When i`m drilling deep holes...depending on the size of material...start with a fresh bit...take shallow steps and if you can spin the work piece 180 degrees between shallow drillings...this will help offset a slightly out of plumb set-up. Rick


----------



## Handyman (Jan 2, 2008)

you can put a straight drill bit in the chuck and lower the table on your drill press a little, and using a tri-square check your settings. I have see folks use a level to set the table. Bad idea. Always set table to the chuck with a straight bit in it. If all this is good, your hole should come out right. One more thing, everything has to be tight in order to get a good reading.


----------



## boondocker (May 31, 2008)

Handyman said:


> you can put a straight drill bit in the chuck and lower the table on your drill press a little, and using a tri-square check your settings. I have see folks use a level to set the table. Bad idea. Always set table to the chuck with a straight bit in it. If all this is good, your hole should come out right. One more thing, everything has to be tight in order to get a good reading.


I have a 12" piece of drill rod used for this task. I've found that a bit just isn't long enough to get a really good 90 degree measurement.


----------



## BHOFM (Oct 14, 2008)

This thread got me thinking so I checked my drill
press. First I got a straight bit, and ran it up and
down against the the side of the stock I was going
to drill, 2" wide 1" oak. Then I turned the stock
90` and rechecked it. It was going straight up
and down the side of the stock.

I drilled a 7/8 hole with a spade bit, a good one
BTW. 

It was off about a 32nd. I turned the stock 180`
in the fixture and drilled another hole. It was off
the same amount in the same direction in relation
to the stock, not the fixture. 

It was off in the direction of the grain. 

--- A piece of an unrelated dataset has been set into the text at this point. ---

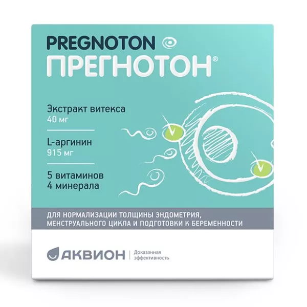 Прегнотон – препарат для подготовки к беременности. Улучшает функциональное состояние женской репродуктивной системы; снижает относительно повышенный уровень пролактина и позволяет нормализовать менструальный цикл 1,2; восполняет недостаток витаминов и минералов, необходимых для правильного формирования и развития плода на ранних стадиях беременности2; способствует восстановлению организма после стрессов, повышенных эмоциональных нагрузок; не вызывает снижения АД и может применяться при гипотонии.

I got another piece of stock with a straighter
grain pattern and drilled another hole, this time
it was perfect.

I also tried it with a piece of ceder with angled
grain and it was off in the direction of the grain.
With a straighter grain piece it was dead on.

I think the bit is following the grain!


----------



## boondocker (May 31, 2008)

Mark both sides of the work piece. Drill half way through from one side, then flip the workpiece and drill through on the opposit side. The hole will aligh as the drill bit evens out teh hole in the middle.


----------